Japan M&A Awards

11 June 2020

ジャパンM&Aアワード概要書の書き方のヒント

1年間のディールメイキングを半ページの概要書にどうまとめるかお悩みでしたら、以下を参考になさってください。

先ず始めに、フィナンシャルアドバイザーとリーガルアドバイザーの最終候補者リストの作成過程をご案内します。リストには、案件総額ベースでの上位3社と、案件総数ベースでの上位3社が掲載されます。対象案件は2020年4月1日から2021年3月31日の期間内に発表されたものとなります。国内に本社機能を持つアドバイザーについても、トップランクの各社を掲載します。

選考過程では以下のM&Aデータが審査員に提供されます。

  • 各分野での案件数と案件額を記載した順位表
  • 各分野での候補企業の案件総数と案件総額

概要書では、データには表れない案件の特長をご説明ください。

審査員が重要視するのは受賞に値する理由です。いかにしてディールに付加価値をもたらし、クライアントをサポートしたか、複雑な状況に対して独創的な解決策をどのように提示したかなどが伝われば、理想的な概要書と言えます。

複数の案件を成功事例として挙げ、御社の実績を強調することもできます。最終候補者リスト作成の過程では全ての事業会社・プライベートエクイティ案件が対象となり、買収企業、売却企業、ターゲット企業、いずれに対するマンデートも対象に含まれます。概要書に記載された案件がなぜ重要なものなのか、案件をまとまるためにアドバイザーとして何を貢献できたのかをご説明ください。

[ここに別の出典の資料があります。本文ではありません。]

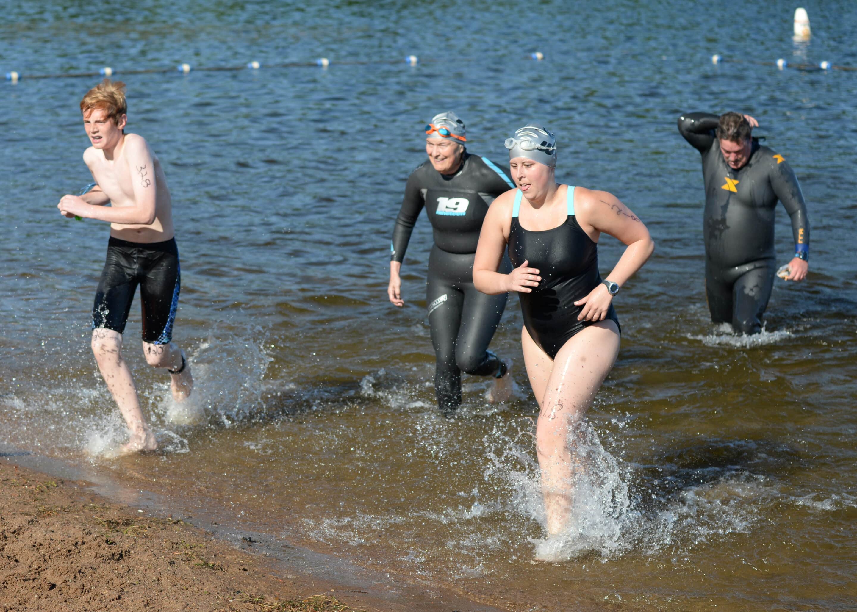 Competitors arrive on shore as they move to the next phase of the triathlon. Swimmers line up at a previous Tri for Jimmy.

1つの案件が全てを語る場合もあります。御社の1年間の実績を象徴すると思われる大きな案件に関与された場合は、その旨を明記してください。同案件に対し、御社がいかに直接的に貢献したかが審査対象となり、御社がリードアドバイザーを務めた案件であれば、特にその比重は高くなります。

審査員の考慮対象外となる要素:

  • マージャーマーケット以外の社からの受賞歴やランキング
  • マージャーマーケットが集計するデータの最低基準を満たさない案件
  • M&Aマンデートのない資金調達や引き受け業務
  • フィナンシャルアドバイザーに対してのみ提供された法的アドバイス

その他の注意事項

  • 提出された概要書は機密文書として取り扱われます。ただし、これまでに公表されていない情報については「コンフィデンシャル」と明記してください。
  • 概要書は半ページのもので十分です。図表やイラスト、その他のプレゼンテーション資料や提案資料は不要です。
  • ミッドマーケット各賞が対象とする案件は、案件額が5000万ドルから3億ドル相当のものとなります。
  • 概要書の提出期限は9月3日、金曜日です。 michael.lui@acuris.comまで、メールでお送りください。

概要書を提出された場合は受賞のチャンスがあることをお忘れなく。結果については発表日の10月29日にご確認ください。